Oil extended upside on Tuesday as cold front in the US looming from the Arctic Circle forced a halt to oil drilling and refining in Texas, the heart of the US oil industry.

Extremely bad weather conditions and low temperatures in parts of the United States have led to a decrease in power generation along with an increase in demand for it, which led to a jump in the spot price of electricity. Some regions have introduced rotating blackouts to somehow balance the deficit and the surging demand for heating. Severe cold also stopped the production and refining of oil in Texas, Bloomberg estimates the reduction in production at 1 million b/d (the US produces more than 12 million b/d). Storm warnings in Texas are expected to continue through Thursday.

The quotes were also positively affected by reports that the Iranian-backed Houthis launched another drone attack on Saudi Arabia's transport infrastructure. The attack failed, but part of the market decided to price in possible risks, which supported the quotes.

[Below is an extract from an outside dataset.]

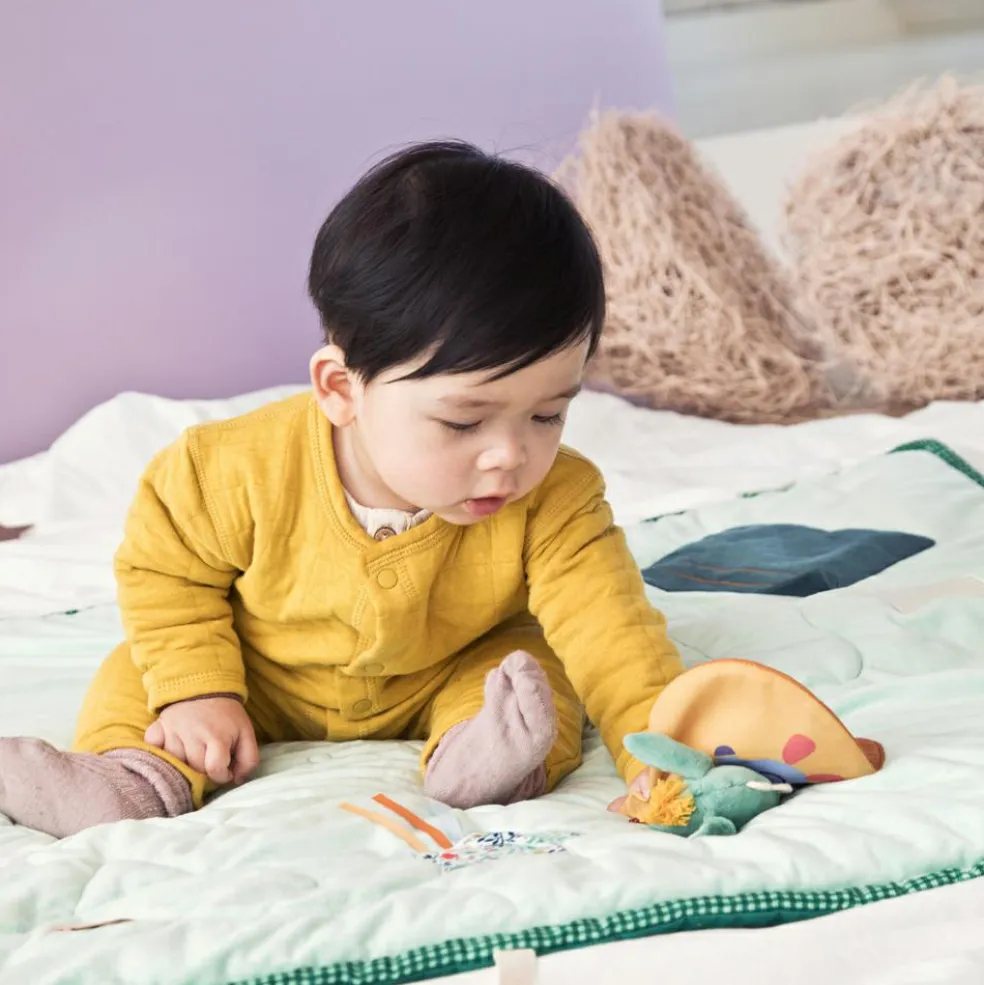 – 2 en 1 : tapis de jeu et sac de couchage.
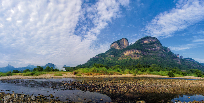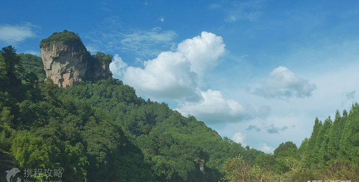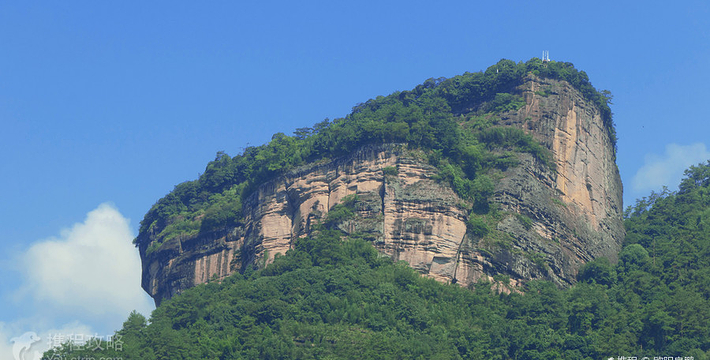 大王峰,又名魏王峰、纱帽岩,雄踞在九曲溪一曲溪北。它拔山而立,屹然高耸。大王峰高数百仞,顶大腰细,四壁陡峭,南壁有一条登峰的孔道。这是一条直上直下的裂缝,游人登峰攀梯而上,惊险而有趣。大王峰有大王亭、悟心门、张仙岩、天鉴池、通天台和投龙洞等多处胜景。特别是石门石壁上的“居高思危”四个摩崖石刻大字显赫入目,令人触景生情,浮想连翩,极富人生哲理。登上绝顶,四周山光水色尽收眼底。《大王与玉女》的传说,更是给大王峰平添了许多悲壮而神奇的色泽。度假区与大王峰仅一溪之隔。

Nevertheless, on the technical side oil is significantly overbought as indicated by RSI above 70 and a healthy correction is needed "digest" the recent growth and determine further direction. Fundamentally, oil prices could extend their rise thanks to global economic recovery and hence improving demand for energy.

SPX futures rose 0.5% on Tuesday, while the global stock market index MSCI ACWI, which has never closed in the red since the beginning of February, renewed its peak again. Asian stocks continue to rise faster than their Western counterparts, Asia-Pacific stocks are up 0.62% today, while Japan's Nikkei is up 1.4%. The Hang Seng Index in Hong Kong rose to a 32-month high.

Risk demand clearly dominates on Tuesday. In the cryptocurrency market, Bitcoin has tested a new all-time high of $ 50,000 thanks to news that JP Morgan is going to invest in it.

The bullish view of the economy continues to push bond yields higher. The 10-year Treasury yield rose to 1.24%, its highest level since March. At some point, the stock market may not like this, since an excessive rise in the cost of borrowing in the market can provoke the Fed's intervention. Therefore, it is worth staying on the alert.

Investors are awaiting the release of the minutes of the last Fed meeting, which will be published on Wednesday and will likely indicate the central bank’s bias to continue to keep rates near zero.